问题描述
维基百科上描述的Fisher yates算法是
该算法产生无偏排列:每个排列的可能性均等。
我阅读了一些文章,这些文章解释了天真和费舍尔耶茨算法如何在集合中生成有偏和无偏的项目组合。
Fisher-Yates Shuffle – An Algorithm Every Developer Should Know
Randomness is hard: learning about the Fisher-Yates shuffle algorithm & random number generation
文章继续展示了这两种算法的几乎无偏和非常有偏的结果的图表。我试图重现概率,但我似乎无法产生差异。
这是我的代码
import java.util.*
class Problem {
private val arr = intArrayOf(1,2,3)
private val occurrences = mutableMapOf<String,Int>()
private val rand = Random()
fun biased() {
for (i in 1..100000) {
for (i in arr.indices) {
val k = rand.nextInt(arr.size)
val temp = arr[k]
arr[k] = arr[i]
arr[i] = temp
}
val combination = arr.toList().joinToString("")

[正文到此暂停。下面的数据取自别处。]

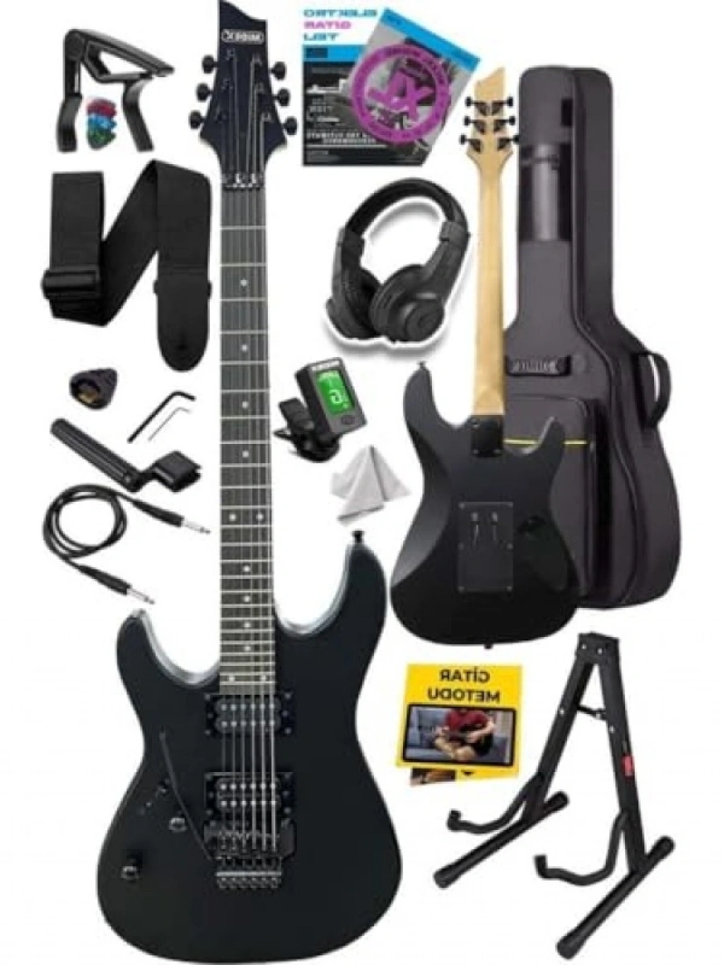 Bu elektro gitar seti, akçaağaç gövdesi ve humbucker manyetikleri ile mükemmel bir ton kalitesi sunar. Jatoba ağacı ve gül ağacı detayları ile estetik bir görünüme sahip. Yüksek kaliteli malzemeleri sayesinde hem dayanıklı hem de şık bir enstrümandır. Müzikal performanslarınızda dikkat çekici bir ses deneyimi yaşayın.
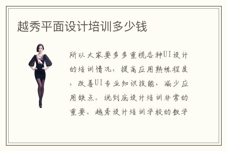 所以大家要多多重視各種UI設(shè)計(jì)的培訓(xùn)情況,提高應(yīng)用熟練程度,改善UI專業(yè)知識(shí)技能,減少應(yīng)用缺點(diǎn)。說(shuō)到底設(shè)計(jì)培訓(xùn)非常的重要。越秀設(shè)計(jì)培訓(xùn)學(xué)校的教學(xué)質(zhì)量很高,培訓(xùn)速度很快,培訓(xùn)的內(nèi)容全面,只要同學(xué)有任何疑問(wèn),可以多多請(qǐng)教老師,老師會(huì)快速進(jìn)行回答??墒怯行W(xué)生長(zhǎng)時(shí)間都不太重視應(yīng)用的水準(zhǔn),只是停留在理論階段學(xué)習(xí),積累很多理論知識(shí),也很難發(fā)揮出實(shí)踐的效果。然而學(xué)建網(wǎng)站技術(shù)并不是看看書(shū)那么簡(jiǎn)單就可以掌握的,當(dāng)然需要到專業(yè)的地方去學(xué)習(xí)建網(wǎng)站技術(shù)。平面廣告設(shè)計(jì)培訓(xùn)有必要嗎,平面廣告設(shè)計(jì)培訓(xùn)也有必要,尤其是許多學(xué)生習(xí)慣于理論的積累,忽略掉應(yīng)用的課程,很長(zhǎng)一段時(shí)間都沒(méi)有強(qiáng)大的設(shè)計(jì)能力,剛畢業(yè)可能就要面臨失業(yè)。他們都會(huì)傳授給學(xué)生專業(yè)知識(shí),這些教師也都有比較獨(dú)特的教學(xué)方法,讓學(xué)生們輕松的就能學(xué)到專業(yè)知識(shí)。
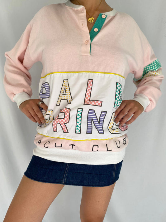 80s vintage pink palm springs california pullover sweater – medium, large | graphic quarter zip long sleeved sweatshirt
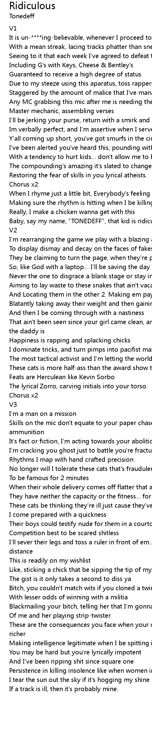 | Baby, say my name, " TONEDEFF", that kid is ridiculous. | |
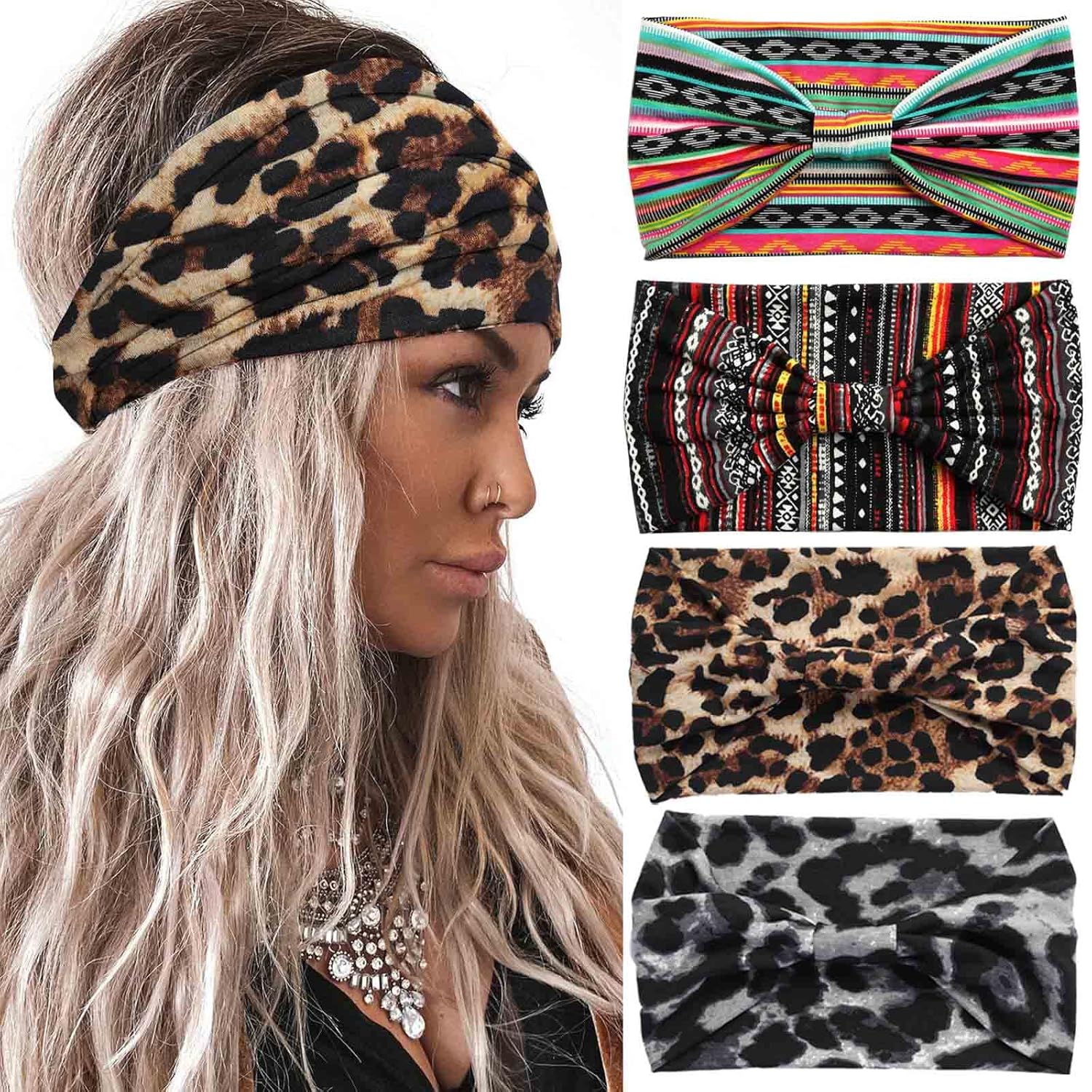 Acenail Wide Headbands for Women, 4 Pack Knotted Turban Headband, Non Slip Hairbands, Floral Workout Head Bands, Leopard Yoga Sweatbands, Cotton Hair Scarfs, Boho Head Wraps, Fashion Hair Accessories
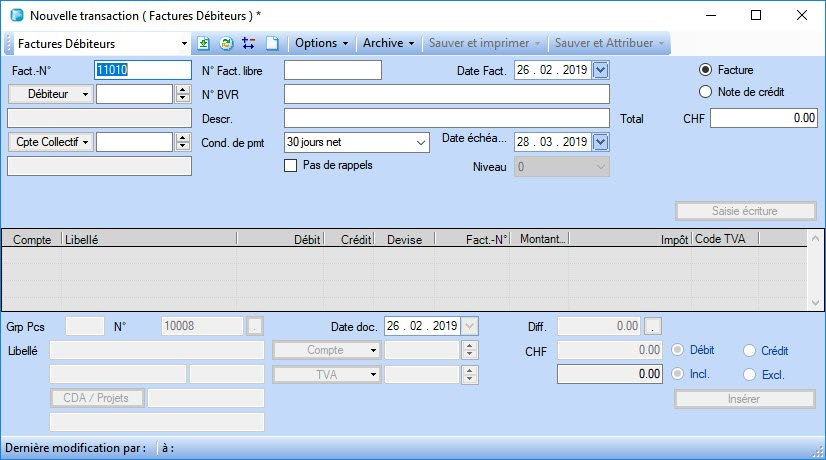 a) Entrez un montant négatif dans la première écriture. Le bouton radio bascule automatiquement du paramètre Facture sur Note de crédit et le montant est affiché en rouge.
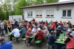 Die erste Maifeier nach zweijähriger „Feierabstinenz“ wegen Corona war eröffnet. Der Besucherandrang bei strahlendem Sonnenschein erforderte die Aufstellung weiterer Festzeltgarnituren auf der Wiese des Ausbildungszentrum des Musikzuges .
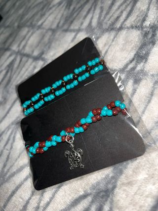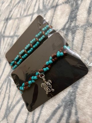 Conjunto de dos pulseras hechas a mano. - Diseño con cuentas. - Cuentas en tonos turquesa y marrón. - Una pulsera incluye un charm de tortuga. - Cierre de mosquetón tono plateado ajustable. - Hilo de alambre.
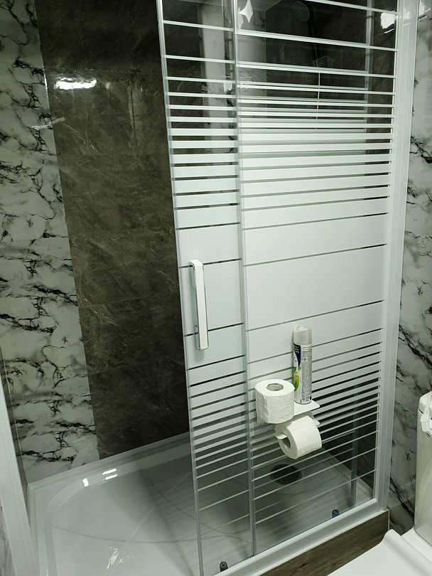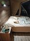 Внизу двухместная кровать, мини-кухня, обеденный стол со стульями, ванная комната. Сверху два спальных места.
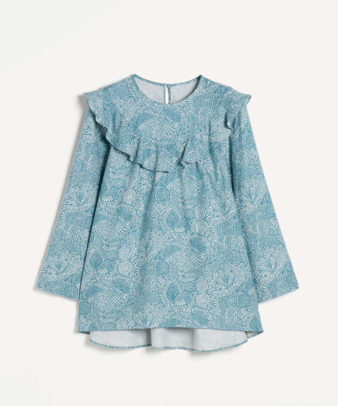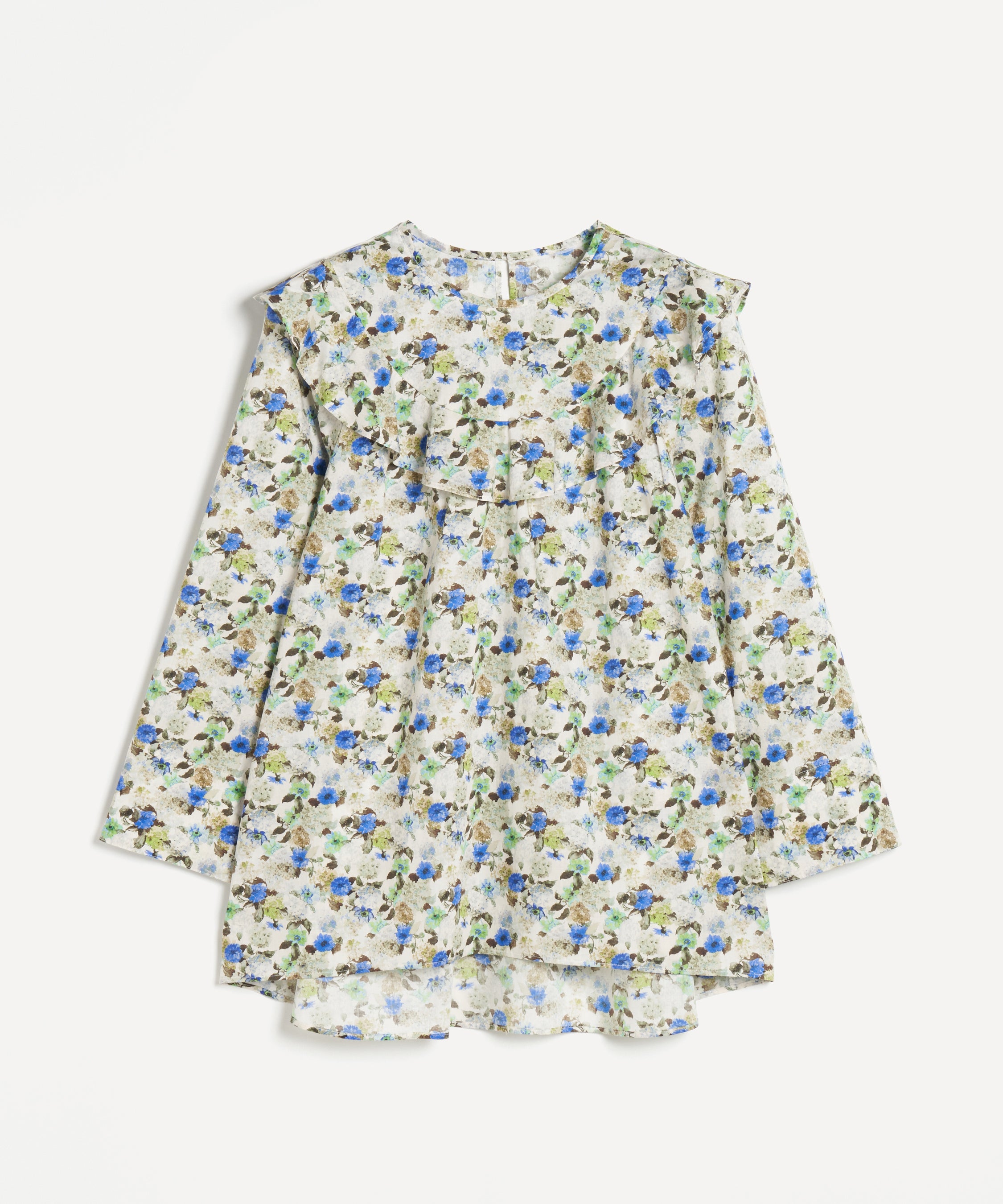 フリルがついた印象的なチュニックブラウスです。トレンドの長めの着丈と、たっぷりの分量感が一枚で着映えするデザインです。ヘムラインが前から後ろにかけて裾が長くなっているので、横からの見た目もおしゃれな印象に。カフを折り返しての着こなしもお勧めです。

if (occurrences.containsKey(combination)) {
occurrences[combination] = occurrences[combination]!! + 1
} else {
occurrences[combination] = 1
}
}
print("Naive:\n")
occurrences.forEach { (t,u) ->
print("$t: $u\n")
}
}
/**
* Fisher yates algorithm - unbiased
*/
fun unbiased() {
for (i in 1..100000) {
for (i in arr.size-1 downTo 0) {
val j = rand.nextInt(i + 1)
val temp = arr[i]
arr[i] = arr[j]
arr[j] = temp
}
val combination = arr.toList().joinToString("")
if (occurrences.containsKey(combination)) {
occurrences[combination] = occurrences[combination]!! + 1
} else {
occurrences[combination] = 1
}
}
print("Fisher Yates:\n")
occurrences.forEach { (t,u) ->
print("$t: $u\n")
}
}
}
fun main() {
Problem().biased()
Problem().unbiased()
}
结果如下
Naive:
312: 16719
213: 16654
231: 16807
123: 16474
132: 16636
321: 16710
Fisher Yates:
123: 16695
312: 16568
213: 16923
321: 16627
132: 16766
231: 16421
我的结果在两种情况下都没有太大不同。我的问题是,我的实现是错误的吗?还是我的理解有误?
解决方法
您对这两种算法的实现都有一个错误,它消除了幼稚改组引入的偏差。您不会对每次 shuffle 使用相同的排列重新开始,而是使用最后一次 shuffle 产生的排列。一个简单的解决方法是每次将数组重置为 [1,2,3]
:
import java.util.*
class Problem {
private var arr = intArrayOf(1,3)
private val occurrences = mutableMapOf<String,Int>()
private val rand = Random()
fun biased() {
for (i in 1..100000) {
arr = intArrayOf(1,3) // reset arr before each shuffle
for (i in arr.indices) {
val k = rand.nextInt(arr.size)
val temp = arr[k]
arr[k] = arr[i]
arr[i] = temp
}
val combination = arr.toList().joinToString("")
if (occurrences.containsKey(combination)) {
occurrences[combination] = occurrences[combination]!! + 1
} else {
occurrences[combination] = 1
}
}
print("Naive:\n")
occurrences.forEach { (t,u) ->
print("$t: $u\n")
}
}
/**
* Fisher yates algorithm - unbiased
*/
fun unbiased() {
for (i in 1..100000) {
arr = intArrayOf(1,3) // reset arr before each shuffle
for (i in arr.size-1 downTo 0) {
val j = rand.nextInt(i + 1)
val temp = arr[i]
arr[i] = arr[j]
arr[j] = temp
}
val combination = arr.toList().joinToString("")
if (occurrences.containsKey(combination)) {
occurrences[combination] = occurrences[combination]!! + 1
} else {
occurrences[combination] = 1
}
}
print("Fisher Yates:\n")
occurrences.forEach { (t,u) ->
print("$t: $u\n")
}
}
}
fun main() {
Problem().biased()
Problem().unbiased()
}
输出:
Naive:
213: 18516
132: 18736
312: 14772
321: 14587
123: 14807
231: 18582
Fisher Yates:
321: 16593
213: 16552
231: 16674
132: 16486
123: 16802
312: 16893
不是 Kotlin 程序员,所以可能有一种更优雅的方法来做到这一点,但我想它已经足够了。